> [EXERCISE OBJECTIVE] Copy the listing below exactly, but skip the pictures.

> [MATERIALS PROVIDED]
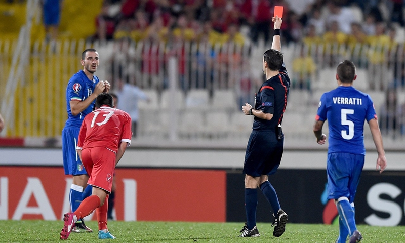 博努奇下半场被罚下
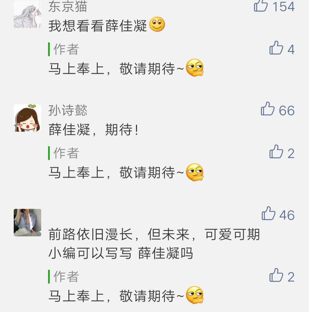 池姐本在疯狂地赶另一篇稿,收到如此热情的留言,立马笔锋一转,转头写起了薛佳凝。
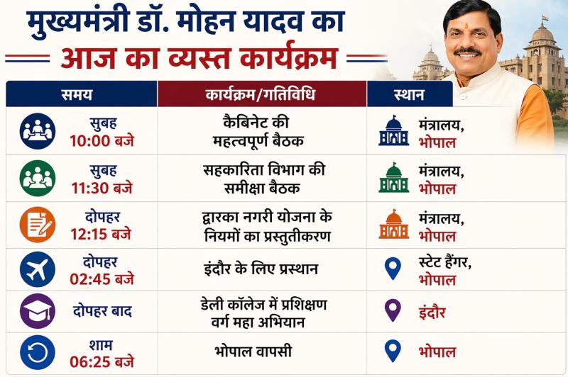 महत्वपूर्ण नीतियां: बैठक में नई तबादला नीति, किसानों के गेहूं उपार्जन और सिंहस्थ 2028 की तैयारियों की समीक्षा होने की संभावना है। इंदौर से जुड़ी सिंचाई परियोजनाओं पर भी बड़े फैसले लिए जा सकते हैं।
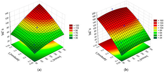 Figure 7a,b shows the response surfaces obtained in milling glass fiber-reinforced plastics with uncoated cemented-carbide cutters. The plots illustrate the effect of feed per tooth and cutting speed on the feed force Fx and the main (tangential) force Fy.
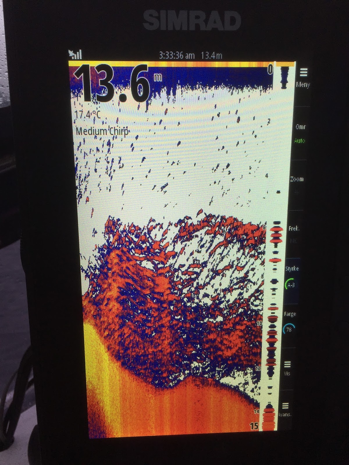 Det ble ikke bare lek med elektronikken, til slutt fant vi fisken også, Simraden ga ingen rom for tvil da vi passerte en terskel og så dette:
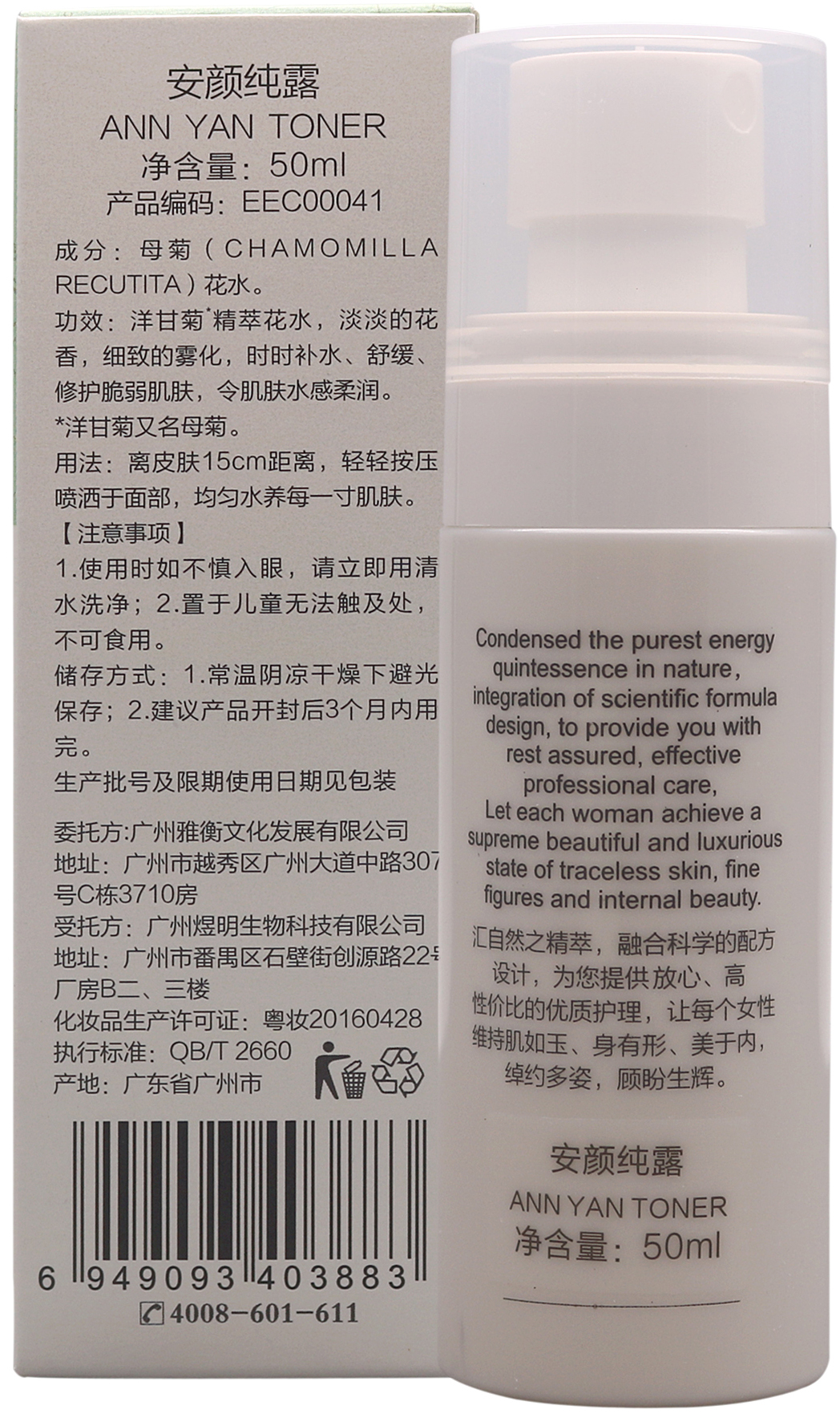 产品功效:洋甘菊精萃花水,淡淡的花香,细致的雾化,时时补水、舒缓、修护脆弱的肌肤,令肌肤水感柔润。
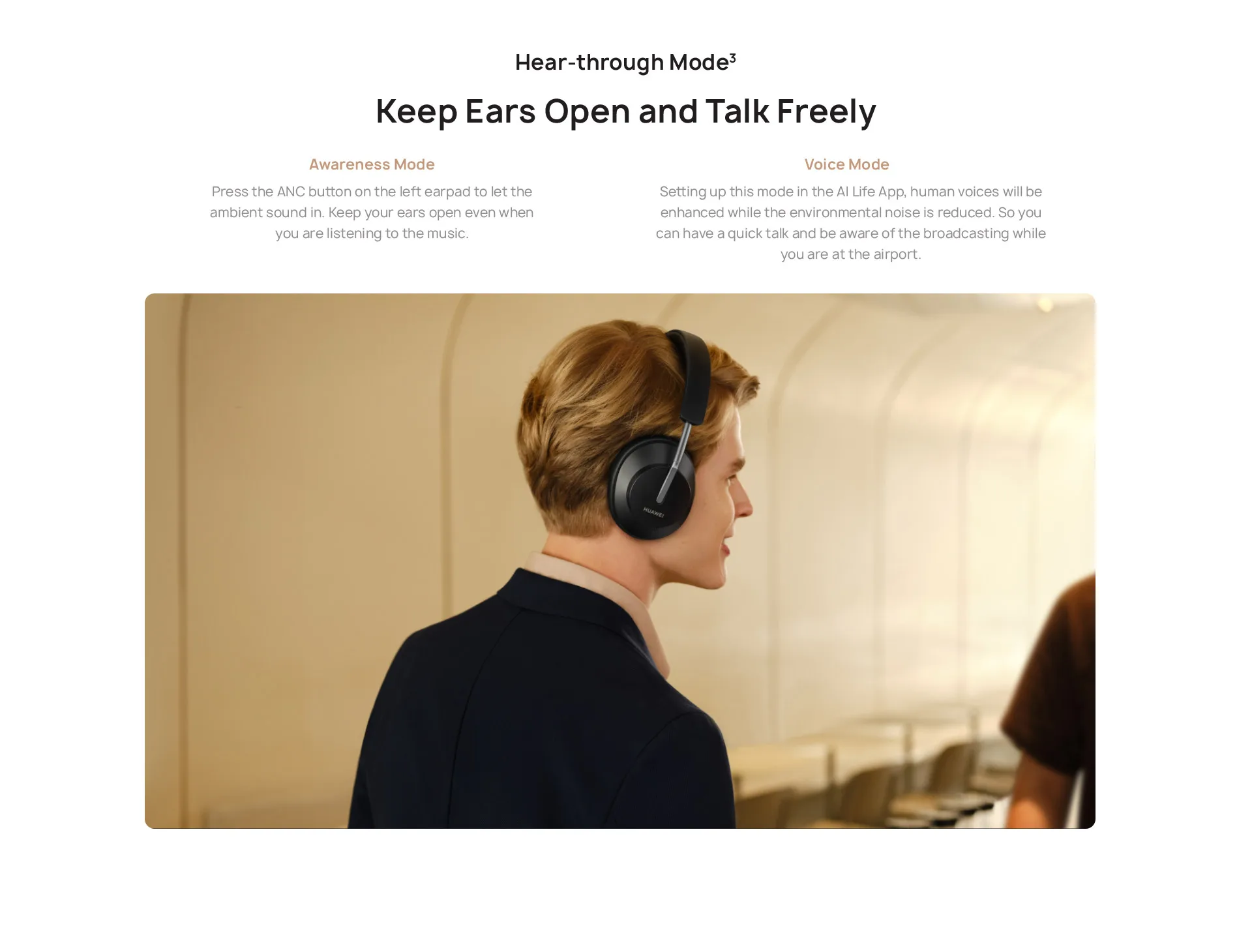 Настройка этого режима в приложении AI Life, человеческий голос будет усилен, в то время как Экологический шум снижается. Так что вы можете быстро говорить и быть в курсе вещания, пока вы находитесь в аэропорту.

> [ANSWER SPACE]
 博努奇下半场被罚下
 池姐本在疯狂地赶另一篇稿,收到如此热情的留言,立马笔锋一转,转头写起了薛佳凝。
 महत्वपूर्ण नीतियां: बैठक में नई तबादला नीति, किसानों के गेहूं उपार्जन और सिंहस्थ 2028 की तैयारियों की समीक्षा होने की संभावना है। इंदौर से जुड़ी सिंचाई परियोजनाओं पर भी बड़े फैसले लिए जा सकते हैं।
 Figure 7a,b shows the response surfaces obtained in milling glass fiber-reinforced plastics with uncoated cemented-carbide cutters. The plots illustrate the effect of feed per tooth and cutting speed on the feed force Fx and the main (tangential) force Fy.
 Det ble ikke bare lek med elektronikken, til slutt fant vi fisken også, Simraden ga ingen rom for tvil da vi passerte en terskel og så dette:
 产品功效:洋甘菊精萃花水,淡淡的花香,细致的雾化,时时补水、舒缓、修护脆弱的肌肤,令肌肤水感柔润。
 Настройка этого режима в приложении AI Life, человеческий голос будет усилен, в то время как Экологический шум снижается. Так что вы можете быстро говорить и быть в курсе вещания, пока вы находитесь в аэропорту.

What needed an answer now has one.